Frontier science: what direct studies would be needed

The glycolytic moonlighting literature is genuinely on the frontier of cancer cell biology. Many of the key findings — PKM2 as a nuclear kinase, GAPDH transnitrosylation, ENO1/MBP-1 switching — date from the 2010s and are still being characterised mechanistically.
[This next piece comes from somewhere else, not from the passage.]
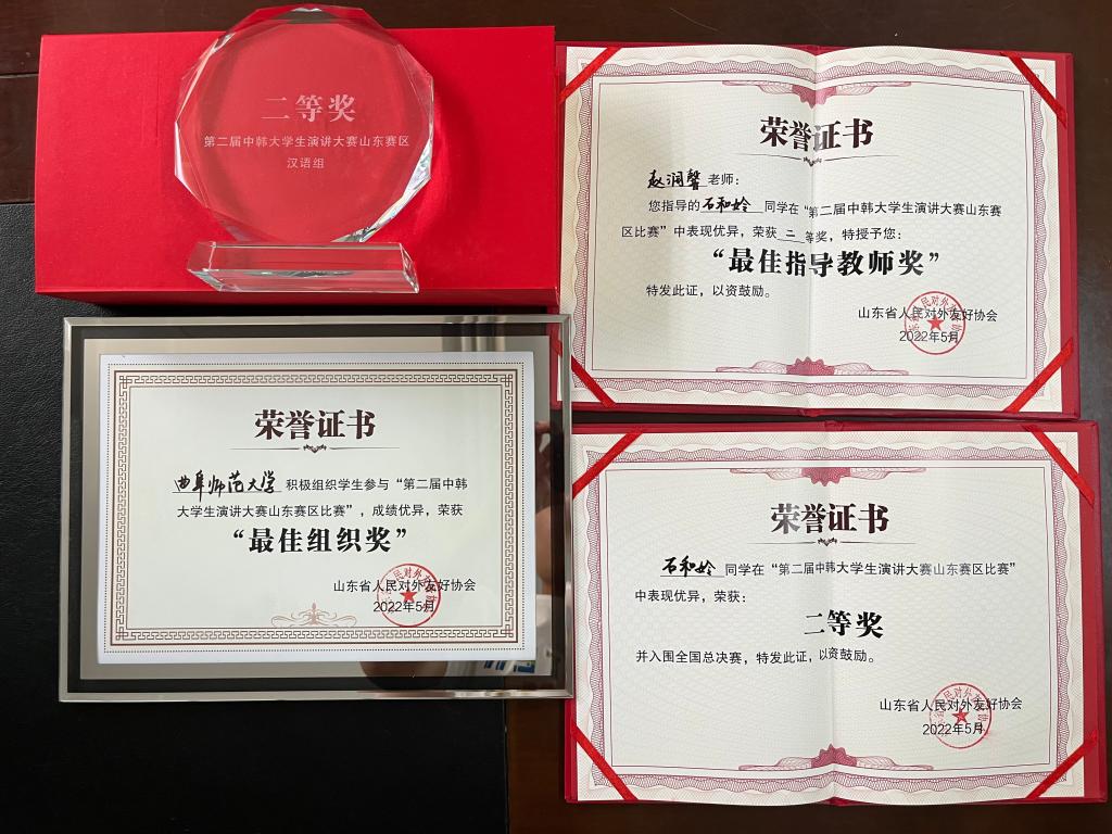 曲阜师大新闻中心讯(通讯员:司甫) 5月25日,由山东省人民对外友好协会承办的第二届中韩大学生演讲大赛山东赛区颁奖仪式在线上举行。经过激烈角逐,我校国际教育学院韩国籍留学生石和姈脱颖而出、喜创佳绩,荣获汉语组二等奖,将代表山东赛区出征全国总决赛。赵润馨老师获“优秀指导教师奖”,我校获“最佳组织奖”(最高奖)。

The application of these findings to spirulina research requires studies that measure not just total enzyme expression but subcellular localisation (cytosolic versus nuclear), post-translational modification state (S-nitrosylation of GAPDH, acetylation of PKM2), and isoform balance (ENO1 full-length versus MBP-1).

Standard transcriptomic or proteomic studies of spirulina-treated cells would not capture these dynamics unless specifically designed to do so. What would be required are: nuclear fractionation followed by specific immunoblotting for nuclear GAPDH, PKM2, and ENO1/MBP-1 in spirulina-treated versus untreated cancer cells; ChIP experiments asking whether spirulina treatment affects PKM2 occupancy at HIF-1α target gene promoters; and iNOS knockdown experiments asking whether the effects of phycocyanin on GAPDH nuclear localisation are dependent on iNOS activity.

None of these studies appear to have been published at the time of writing. The moonlighting connections described in this post are therefore mechanistic hypotheses — well-grounded in the independent literatures of glycolytic moonlighting and spirulina biochemistry, but not yet directly tested at their intersection. That is what makes this genuinely frontier science, and it is worth saying clearly.